[Top][All Lists]
[Date Prev][Date Next][Thread Prev][Thread Next][Date Index][Thread Index]
Re: [Help-gsl] Re: C/C++ speed optimization bible/resources/pointers nee
From: |
Oliver Jennrich |
Subject: |
Re: [Help-gsl] Re: C/C++ speed optimization bible/resources/pointers needed, and about using GSL... |
Date: |
Mon, 6 Aug 2007 16:29:51 +0200 |
On 7/27/07, Gordan Bobic <address@hidden> wrote:
> On Fri, 27 Jul 2007, Jochen Küpper wrote:
>
> >> [...example..]
> >
> >> Using floats instead of doubles can lead to quite significant performance
> >> differences.
> >
> > On you Pentium 3, not the average number cruncher these days.
> > A Opteron or any of the modern Intel CPUs would be more appropriate.
>
> *sigh*
>
> On an x86-64 Core2/1.9GHz, CentOS/x86-64 v5, ICC v9.1.051/x86-64
> Using the small sample program I posted earlier.

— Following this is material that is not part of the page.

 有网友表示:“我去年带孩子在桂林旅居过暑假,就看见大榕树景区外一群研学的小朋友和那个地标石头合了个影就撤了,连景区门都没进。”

> Compiled with: icc -msse3 -xP -fp-model fast=2
>
> Using floats: 2.65 seconds
> Using doubles: 5.29 seconds
>
> Twice as many floats vectorize per operation as doubles. Thus it goes
> twice as fast. How much more evidence do you require?

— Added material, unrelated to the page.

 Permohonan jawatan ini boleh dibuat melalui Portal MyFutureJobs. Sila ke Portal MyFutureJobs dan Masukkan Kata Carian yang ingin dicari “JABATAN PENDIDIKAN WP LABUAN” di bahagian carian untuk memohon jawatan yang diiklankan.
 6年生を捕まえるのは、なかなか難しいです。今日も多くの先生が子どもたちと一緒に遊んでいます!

No you guys got me interested.
Here is what I tried:
#include <stdio.h>
#include <math.h>
int main ()
{
const float foo = 29.123;
unsigned int j,k;
unsigned int i;
double a[] = {1,2,3,4,5,6,7,8};
double b[] = {5,6,7,8,9,10,11,12};
double c[] = {0,0,0,0,0,0,0,0};
for (k=0;k<100000;k++){
for (j=0;j<10000;j++){
for (i = 0; i < 8; i++)
{
c[ i ] = (j*k*(a[ i ]+b[ i ]));
}
}
}
printf("%f", c[3]);
return 0;
}
with gcc 4.1.1
gcc -O3 -march=pentium-m -malign-double -mfpmath=sse -msse2 -Wall -o
vect vect.c -ftree-vectorize -ftree-vectorizer-verbose=5
on a
x86 Family 6 Model 13 Stepping 8 GenuineIntel ~1862 Mhz
The multiplication with j and k ist just so that -O3 doesn't optimize
the outer loops to oblivion, and to raise the overall times above the
clock noise
The results are puzzling:
double, no vectorization: 23.797s
double vectorization: 23.858s
float, no vec: 15.561s
float, vec: 5.843s
long double, no vec (as sse2 is not enough...): 33.344s
Ok, I do understand why long double is slower than double (I think).

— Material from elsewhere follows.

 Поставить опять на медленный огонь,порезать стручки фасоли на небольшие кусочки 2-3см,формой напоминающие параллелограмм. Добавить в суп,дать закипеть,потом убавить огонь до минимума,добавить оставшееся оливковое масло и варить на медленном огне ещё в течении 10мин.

But why does vectorization not make the slightest bit of difference
when using doubles?
> Where does this whole nonsense of "doubles are as fast as floats" come
> from? I know it's taught everywhere these days, but it is absolutely, not
> true. Whoever first came up with it has a lot to answer for.
Indeed.
--
Space -- the final frontier